White Chocolate Cranberry Crème Brulee
By á-168951
Ingredients
- 2 cups whipping cream
- 4 oz. white chocolate
- 1 tsp. vanilla extract
- 5 egg yolks
- 1/2 cup sugar, divided
- 1/2 (15 oz) can whole berry cranberry sauce
- Ice Cubes
- Garnish with Sugared Cranberries and Mint
Details
Servings 1
Adapted from keyingredient.com
Preparation
Step 1
Combine 1/2 cream and white chocolate in a heavy saucepan; cook over low heat, stirring constantly, 2 to 3 minutes or until chocolate is melted. Remove from heat, and stir in vanilla and remaining 1 1/2 cups cream.
Whisk together egg yolks and 1/4 cup sugar until sugar is dissolved and mixture is thick and yellow. Add cream mixture, whisking until well blended.

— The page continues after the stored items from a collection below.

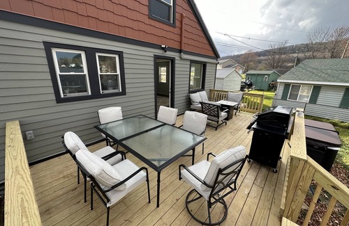 Get cozy in this 4-bedroom, 2-bathroom newly renovated lake-front home in Homer, NY! Spacious patio that leads to hot tub or level lake-frontage - whatever your seasonal pleasure. Enjoy fishing off the dock, swimming, or kayaking (2 provided) in the warmer months. Or hit the slopes at nearby Song Mountain, Greek Peak, and Labrador Mountain in the snowier months!
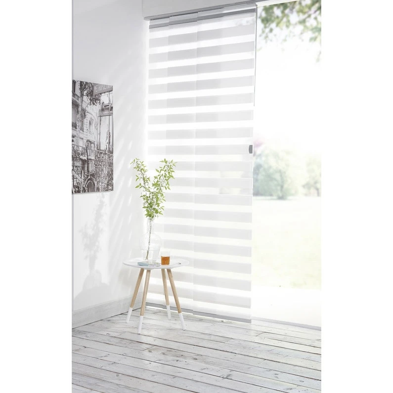 Pour une décoration contemporaine, un panneau prêt à poser qui vous permet de jouer avec la lumière en un seul geste 1 produit = 3 ambiances. 3 positions possibles : ouvert, semi-ouvert et fermé. Existe en coloris noir, gris, violet (sur commande). Série déclinée en stores enrouleurs à clipser ou avec coffre
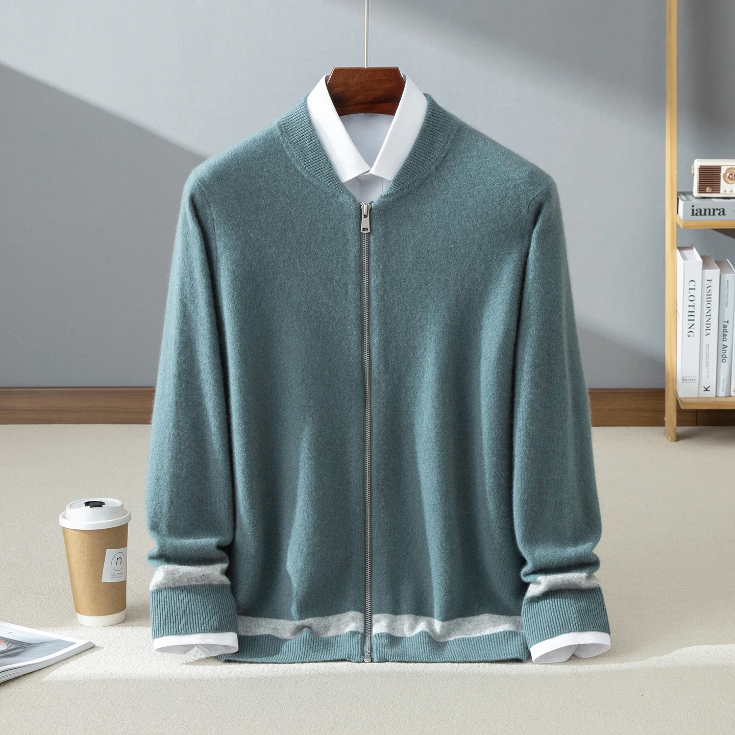 Hochwertiger 100% Kaschmir Herren Reißverschluss-Cardigan 12-Nadel-Strickpullover Luxus Rundhals-Pullover Locker Geschnittene Oberteile Baseball-Jacke
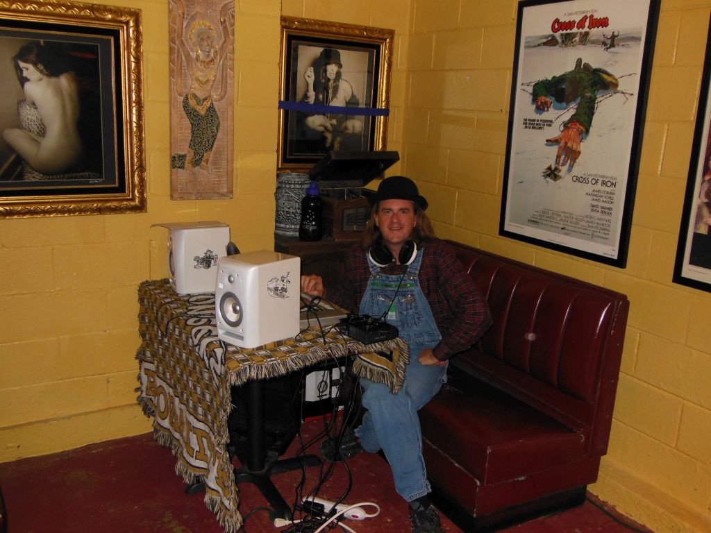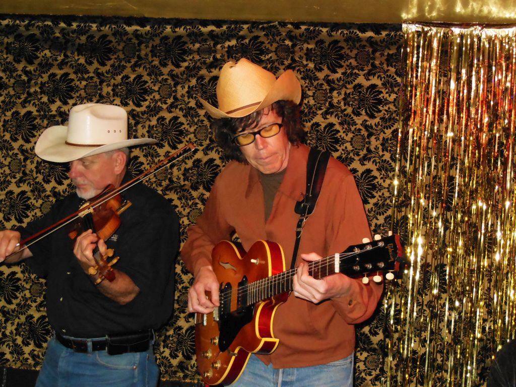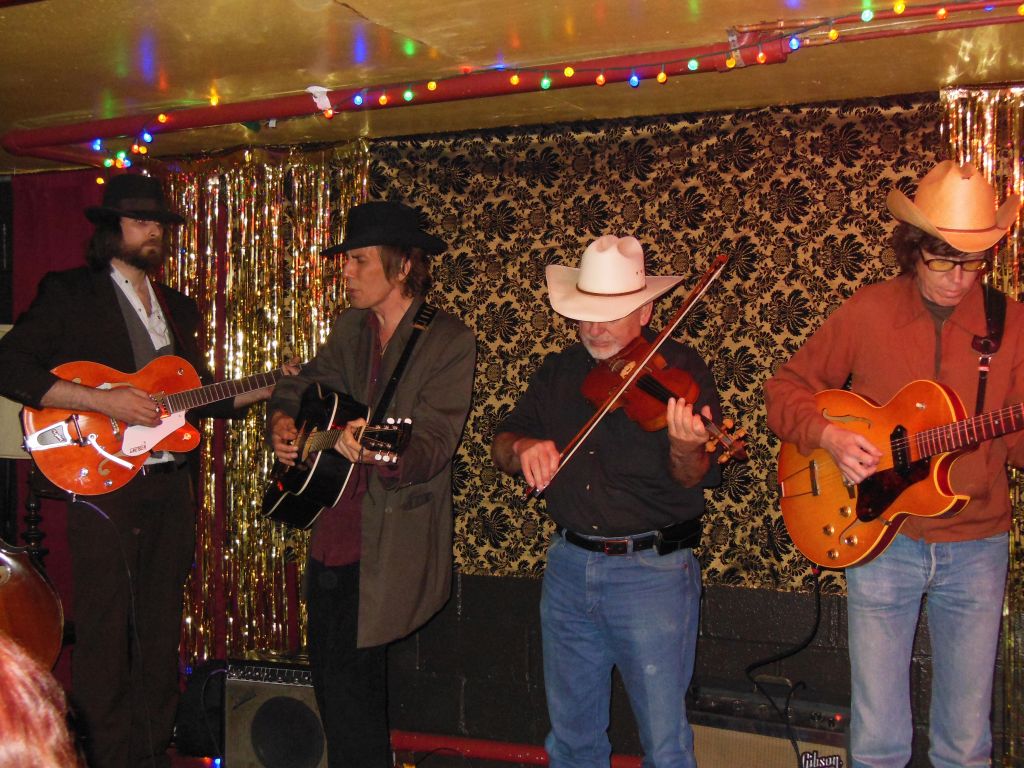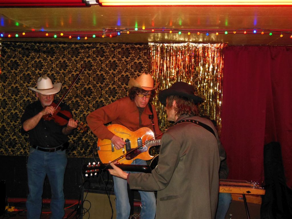 As show time approached just after 9:00, we sat ourselves in back of the two rows of old wooden theater seats in the small adjoining music room. Off in the corner, with his back to the crowd of now about 40, Garing and the band did a brief warm-up to themselves. The room was dimly lit with exotic red florescent lighting although two of the four bulbs were not working. The stage was nothing more than a section on the floor marked off with tape. An old rug hung on the wall accessorized by dangling glitter streamers. The only amplification tonight would be two small vintage amps—one for a much-traveled pedal steel and one for the guitar of Nashville’s best, Kenny Vaughan, who walked in just seconds before show time.

Pour mixture through a fine wire-mesh strainer into a large bowl.
Spoon 1 1/2 Tbsp. cranberry sauce into each of 6 (4 oz) ramekins. Pour cream-and-egg mixture evenly into ramekins; place ramekins in a large roasting pan. Add water to pan to depth of 1/2 inch.
Bake at 300 degrees for 45 to 55 minutes or until edges are set. Cool custards in pan or on a wire rack 25 minutes. Remove ramekins from water bath; cover and chill 8 hours.
,
Sprinkle with 1 1/2 to 2 tsp remaining sugar evenly over each ramekin. Fill a large roasting pan or 15 x 10 x 1 inch jelly roll pan with ice; arrange ramekins in pan.
Broil 5 inches from heat 3 to 5 minutes or until sugar is melted and carmelized. Let stand 5 minutes. Garnish, if desired.
Sugared Cranberries and Mint
1/4 cup corn syrup
1/4 cup dried cranberries
1 bunch fresh mint sprigs
1/4 cup sugar
Using a clean paintbrush, gently brush 1/4 cup corn syrup onto the top side of dried cranberries and mint.
Sprinkle sugar over cranberries and mint. Let stand 5 minutes; sprinkle remaining sugar over cranberries and mint, gently shake off excess.